While normally a devotee of Sierra and Phoenix, I'm finding myself in need of something a little more basic. 

I need a "plodding idle" sound and a "somewhat less plodding working" sound for a small tractor or truck to be used in a small locomotive. 

ITT sound's diesel idles, then works, and then has a long gap when the 30 seconds worth of clip repeats. Not attractive. And, it doesn't solve the need for a rev up when the loco moves. 

I might get away with taking a Phoenix goose, turning everything off, and getting it stuck in first/second gear ... but it seems like kind of a waste. 

Any ideas? 

Matthew (OV)


----------



## altterrain (Jan 2, 2008)

Matthew, 

Did you see the vid I just did for my rail tractor. I used an ITT sound helper diesel card and the gap is pretty short. 



Small Scale Railway has a couple of small diesels that may fit the bill too - http://www.smallscalerailway.com/01-02.html 

-Brian


----------



## toddalin (Jan 4, 2008)

The ITT modules used to offer two sounds. Maybe they still do/can. 
Anyway, the industrial diesel used to also include a second sound. I called George Solvay of ITT and asked him if he could take the industrial diesel, rev it up about 500 RPM higher and record that as the second sound. He made the recording as we wer on the phone together and he actually let me hear what he was doing as he programmed the chip and together, we decided when the second sound seemed best. 
This went in my Accucraft goose. I also put a 12 volt relay in the goose that is tied into the motor voltage. Using a resistor in series with the relay, I can adjust the voltage at which it "kicks." I actually have this set at about 12 volts. (A 12 volt relay kicks way before it ever really reaches 12 volts. The resistor also protects the relay when the track voltage is higher than 12 volts.) 
So, as the goose cruises along, when the rails hit 12 volts, it sounds like the driver shifts gears. " 

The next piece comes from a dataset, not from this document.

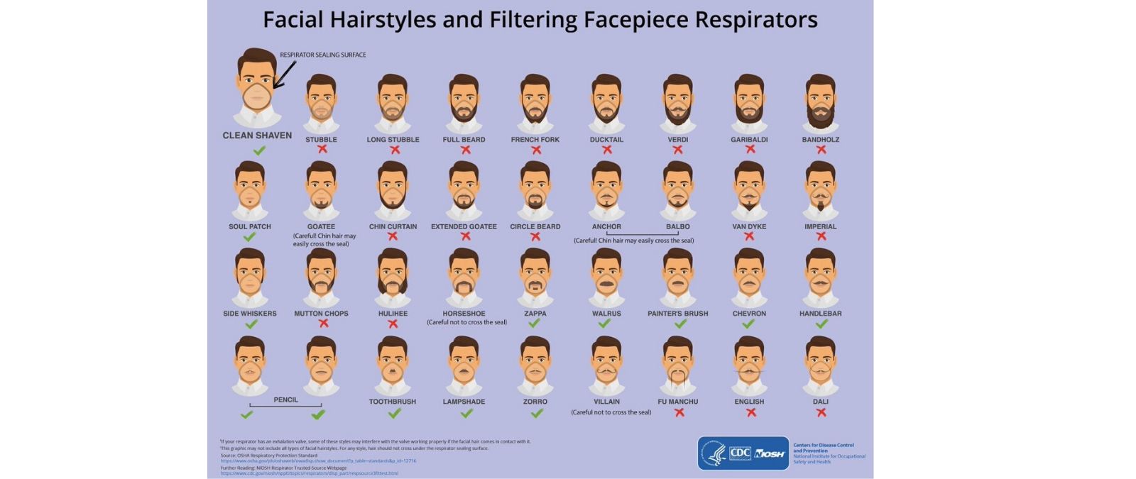 Los CDC han aclarado que la imagen es del 2017 y está destinada a los trabajadores que tienen que llevar mascarillas o respiradores ajustados. Fue publicada por el Instituto Nacional para la Salud y Seguridad Ocupacional (NIOSH por sus siglas en inglés).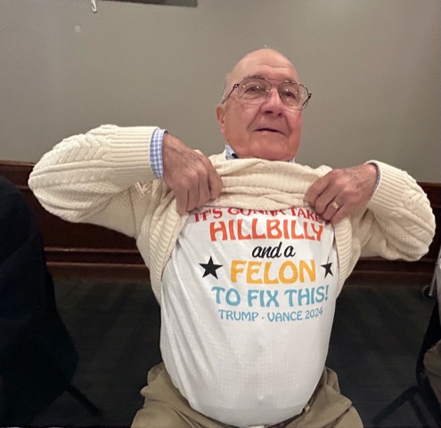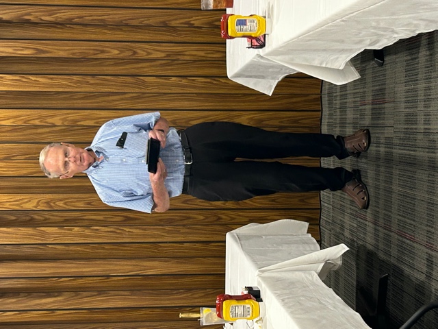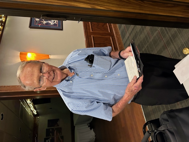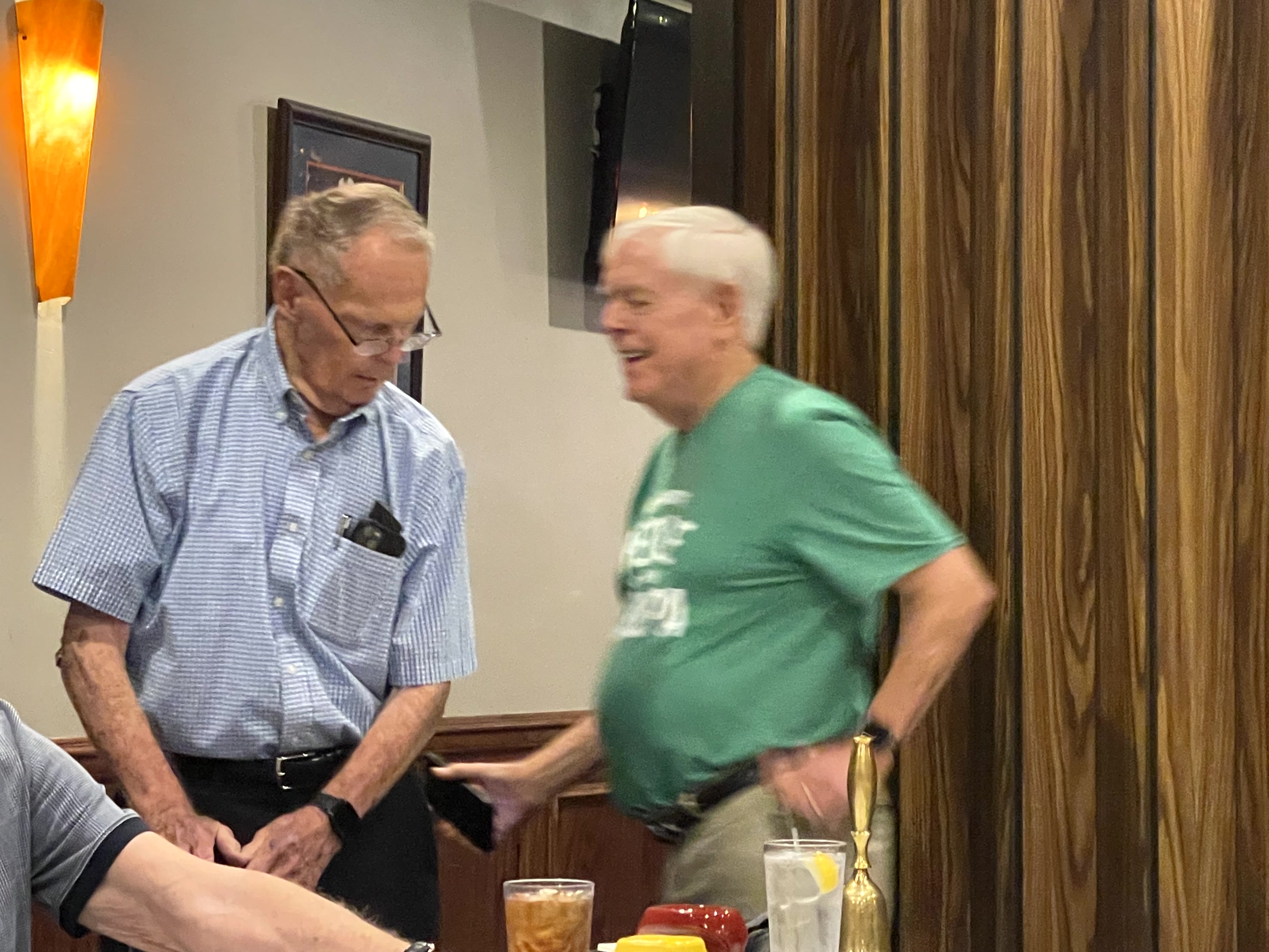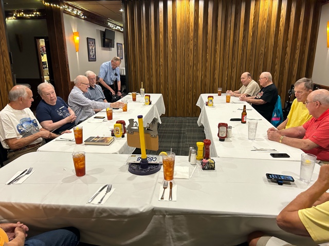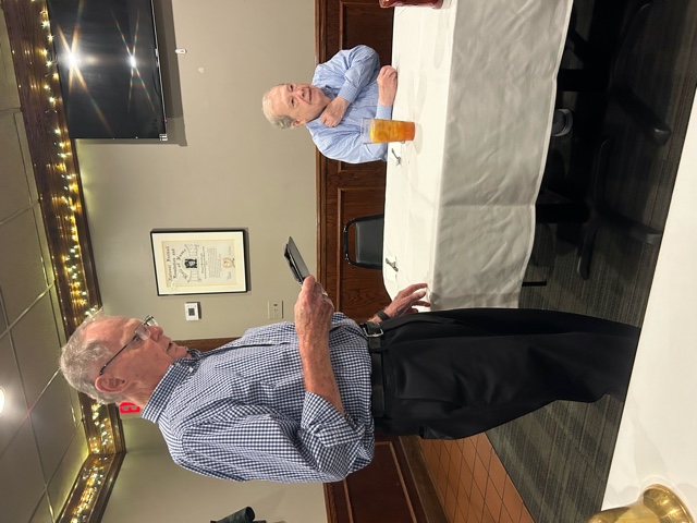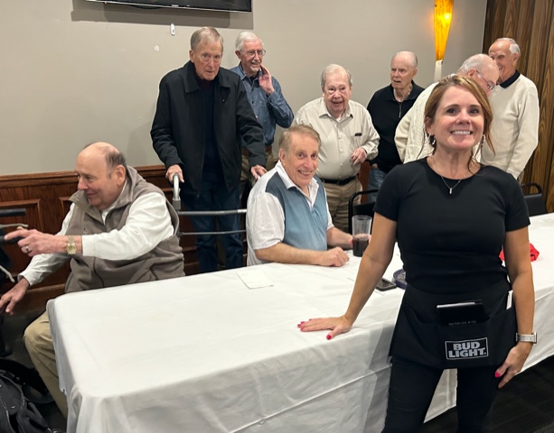 A good turnout for our Christmas, 2024 Lunch—13 guys! The Class also chipped in $260 toweard a Christmas present for our super server, Val.

Due to hysteresis, he don't downshift until the rails get under about 10 volts. 


BTW, there was no extra charge for the custom sound programming. Also, mine has no gaps in the sound except that whichever of the two sounds is playing will continue the duration of its 30 seconds before switching to the other sound even when the relay kicks. /DesktopModules/NTForums/themes/mls/emoticons/wow.gif"


----------



## SlateCreek (Jan 2, 2008)

Ah, now that sounds more like it. Maybe I'll give the fellow a call and see if he can make something similar for me. Thanks! 

Additionally, it solves the mystery of where the old two sound version went... I knew I'd seen one SOMEPLACE... 

Matthew (OV)


----------



## TonyWalsham (Jan 2, 2008)

Dallee make a small dismal sound called the Railbus. 
Along with Brandbright in the UK I use this for most smallish locos. 

You might also like to consider the Mylocosound modules made here in Australia. http://mylocosound.com/pages/mylocosoundhome.html


----------